External scripts must be referenced in the head element of (X)HTML documents to be reliably decompressed by modern browsers. The story goes like this. Netscape's original specification for JavaScript 1.1 implied that the inclusion of JavaScript source files should take place in the head section, because that is the only place where they are pre-loaded and pre- processed . ^[12] For some reason, browser manufacturers stopped decompressing any compressed files after leaving the head .

^[12] Netscape Communications, "JavaScript Guide for JavaScript 1.1" [online], (Mountain View, CA: Netscape Communications, 1996), available from the Internet at http://wp.netscape.com/eng/mozilla/3.0/handbook/javascript/. Implied in the section "Specifying a File of JavaScript Code" that external files should be in the head section.

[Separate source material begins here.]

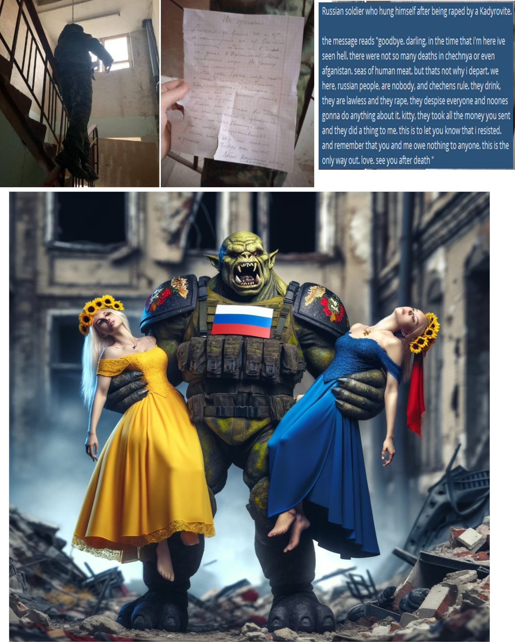 >>524627296>Please understand this is very funny to the rest of the worldYeah, very funny to watch at fake videos where 2 hohols pretending they're russians have gay sex or get beaten by other hohol.Like what the fuck is picrel lmao

As scripts grew larger, developers started moving script elements down into the body to satisfy impatient users. In HTML, the " head -only" rule was then relaxed to allow script elements within the body , but the die was cast. Developers subsequently discovered that certain JavaScript inclusion operations must be in the head section or problems can occur.

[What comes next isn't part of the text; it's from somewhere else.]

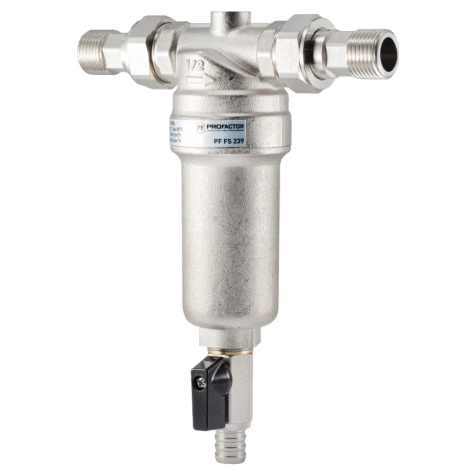 Фільтр промивний PROFACTOR 3/4" латунний для гарячої води - це надійний та ефективний пристрій, призначений для очищення води від механічних домішок (піску, іржі, окалини) в системах гарячого водопостачання. Він захищає сантехнічне обладнання та побутову техніку від передчасного зносу та поломок, спричинених забрудненнями.

Browsers continue to decompress scripts only when they are located within the head element. Some companies get around this limitation by adding " _h " to the names of JavaScript include files in the head section of HTML documents. Using this technique, a script author can use server-side filtering logic to find whether a request for a certain JavaScript file is coming from the head section of a HTML document (where it is OK to send it compressed) versus somewhere in the body (where it is not OK to send the script compressed). You can optionally use the defer attribute to compensate for this requirement.

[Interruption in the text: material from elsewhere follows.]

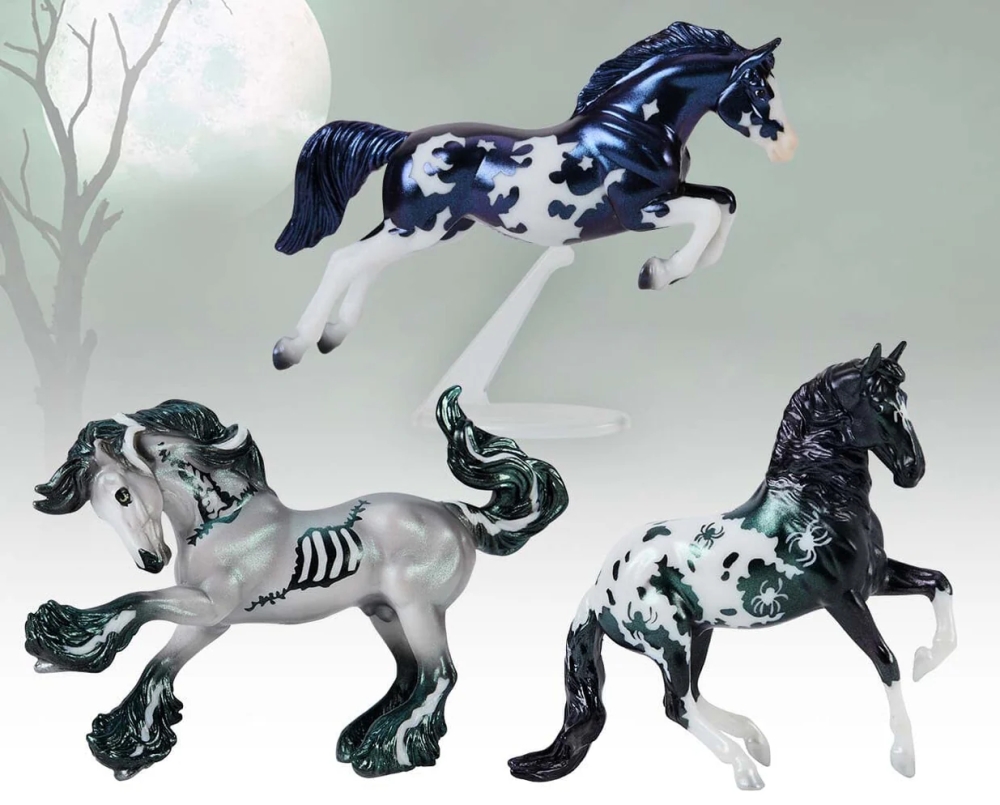 B-CS-10477 | Spooky Surprise! - Mini Tabitha | Dark blue interference with hidden witch images in pinto pattern, 4 stockings. | 2025-current | Three models sold individually in blind bags: Warmblood Jumper "Tabitha", Vanner Stallion "Thriller", and Alborozo "Eek". |

JavaScript Compression Gotcha: Premature onload Events

Internet Explorer 5 has a known bug when loading compressed JavaScripts. ^[13] IE mistakenly triggers the onload event after it downloads the compressed file, but before it is decompressed. This can lead to unexpected behavior. The way around this bug is to include another variable at the end of your external file and poll for its presence in the onload event handler.

^[13] Kevin Kiley and Andrew Jarman, "Compressing .js files, from a lurkers point of view" [online], (Mod_gzip mailing list, 17 March 2001), available from the Internet at http://lists.over.net/pipermail/mod_gzip/2001-March/001708.html.